ВОЛКОВ: Сейчас в мире пошла мода на авторские редакции, но в случае с Мусоргским это далеко не всегда работает. Будучи гениально одаренным и, может быть, даже величайшим русским композитором, он обладал одним колоссальным недостатком – плохо владел оркестровым мастерством. Он просто не умел оркестровать. И поэтому его собственные оркестровые версии его же произведений звучат тускловато, особенно в современных залах…
СПИВАКОВ: Это звучание напоминает мне разбросанные сокровища, которые нужно собрать и сложить в один ларец. Что и сделал его друг Римский-Корсаков. И если говорить о «Ночи на Лысой горе», то там надо знать русскую традицию, непонятную слуху иностранца, – это обрядовое величание. Русский дирижер понимает, что при величании нужно немножко темп сбавлять, а иностранец продолжит в том же темпе, поскольку в партитуре никаких указаний на этот счет нет. В этой музыке, вслушавшись, уловишь и крики ворона – в партии гобоев и у вторых скрипок, что опять-таки чаще всего проходит незамеченным. А еще там есть изумительное просветление, когда восходит солнце и вся нечисть исчезает. Это же надо было такую красоту создать!..
И рассмотреть ее, ощутить, проникнуться позволяет исключительно русская традиция прочтения Мусоргского, которая идет еще от Направника и Голованова – к Евгению Светланову. А от Светланова, хочется думать, ко мне. Иногда оторопь берет: столетие – это всего лишь три рукопожатия…
6. Фуга
Знаковые встречи
Дмитрий Шостакович. «Сквозь кровь, сквозь муки, сквозь гроба»

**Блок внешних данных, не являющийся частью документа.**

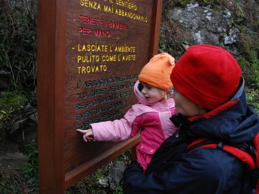From the information board, continue along the grassy track to the input system of the Sampeyre - Brossasco canal. Cross the Ciantorane river twice across stone and cement bridges. A bit further on, another panel describes the local flora and the cart track becomes a trail and starts to climb fairly steeply. At each fork in the trail, keep to the left to say along the river. When the trail flattens out, look out for the Sarvanots! They like to hide in the foliage, so you’ll need to look carefully if you want to catch them off guard.

ВОЛКОВ: Володя, нам с тобой очень повезло. Нам довелось встретиться со многими великими деятелями культуры нашей эпохи. Но были фигуры, значение которых – и творческое, и духовное – было для нас особенно важно. К числу таких личностей в первую очередь, конечно, относится Дмитрий Дмитриевич Шостакович…
СПИВАКОВ: Мне было около десяти лет, когда я впервые попал на концерт Шостаковича в Малом зале Ленинградской филармонии – исполнялся цикл «Из еврейской народной поэзии». Дмитрий Дмитриевич сидел за роялем, пели Нина Дорлиак, Зара Долуханова и Алексей Масленников. Цикл заканчивается фортиссимо на фразе «врачами стали наши сыновья!». И только я собрался аплодировать, как мама перехватила мои руки. И весь зал замер, наступила гнетущая тишина – я запомнил эту тишину на всю жизнь. А потом, конечно, зал взорвался аплодисментами…
ВОЛКОВ: Эта фраза делала жесткий отсыл к политическим реалиям – так называемому делу врачей 1953 года. Дело «врачей-убийц» было, пожалуй, самой громкой антисемитской кампанией, когда-либо развязанной в Советском Союзе…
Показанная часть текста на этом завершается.